The right of establishment comes next. The first right, the right to freedom of media, is not subject to radio frequency licensing procedures. Rather, it is the right of establishment that is subject to those strictures.

This means that the court’s analysis should have proceeded step-wise: In the first place, the court ought to ask whether the frequency licensing regime undermines the right of establishment.

In the second step, the court then asks whether that undermines the right to freedom of the media to exist. Let us make this concrete.

Suppose the CCK decides to allocate frequencies, as it did in this case, through a procurement process through which all bidders must give a bid security of Sh120 million? The court might consider that such a rule favours no particular bidder among those qualified. Under those circumstances, the procurement is not an interference with the right of establishment.

But when the court tests that conclusion against the principles in the Constitution and freedom of media in Article 34(1), it may conclude that if procurement on those terms is implemented across the board, it potentially locks out small media from broadcasting. For example, such a procurement rule would be anti-devolution in that it would certainly cut out applicants with a small geographical reach, say those at the county level.


At this point, the court may then rule that the procurement process must be supplemented by an affirmative action policy that reserves some BSD licences for marginal, geographically-limited carriers such as those in the counties.

One argument that the court made much play of has to do with the transition period. The court argued it was a fact that when the Constitution came into force in 2010, CCK was the broadcast regulator. The constitution gave the government three years within which to implement Article 34. From that fact, the CCK was entitled to continue acting as the broadcasting regulator.

The theory, in short, is that during the transition period, the Constitution did not envision a vacuum in broadcast regulation. Based on this reasoning, the court argued that CCK’s independence could not be impugned.

This argument has three flaws. First, it is important to clarify the nature of the three-year timeline that Parliament had been given. The timeline is a sunset clause — it is not an appointment. That is, a sunset clause is a deadline. It says that something needs to be done by a certain date but that means that it can also be done much earlier, depending on the policy imperatives.

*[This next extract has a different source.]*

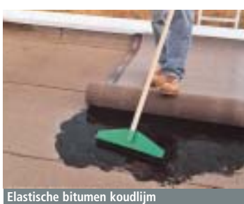
Elastische bitumen koudlijm

An appointment is different: It says that something has to be done on a specified date.

The trick is to see how this changes the analysis. When the government embarked on digital migration, it should have asked itself what legal obstacles stood in its way.

One such obstacle is Article 34, which — as relates to broadcasting — required that an independent process be in place for allocating of frequencies.

The government cannot respond to critics by saying that it had three years within which to comply with that Article. It has an obligation to comply with every article from the day the Constitution came into force. Unless, of course, the Constitution explicitly says that the Article is in abeyance.

To conclude, the Supreme Court has left media freedom and particularly broadcasting in limbo. By serving up a narrow understanding of ‘independence’ and taking an unduly narrow reading of Article 34, the court has betrayed the hopes cherished by the drafters of the Constitution that a stand-alone media clause would protect Kenya’s long-suffering Press from predation by government.

The writer is a constitutional lawyer.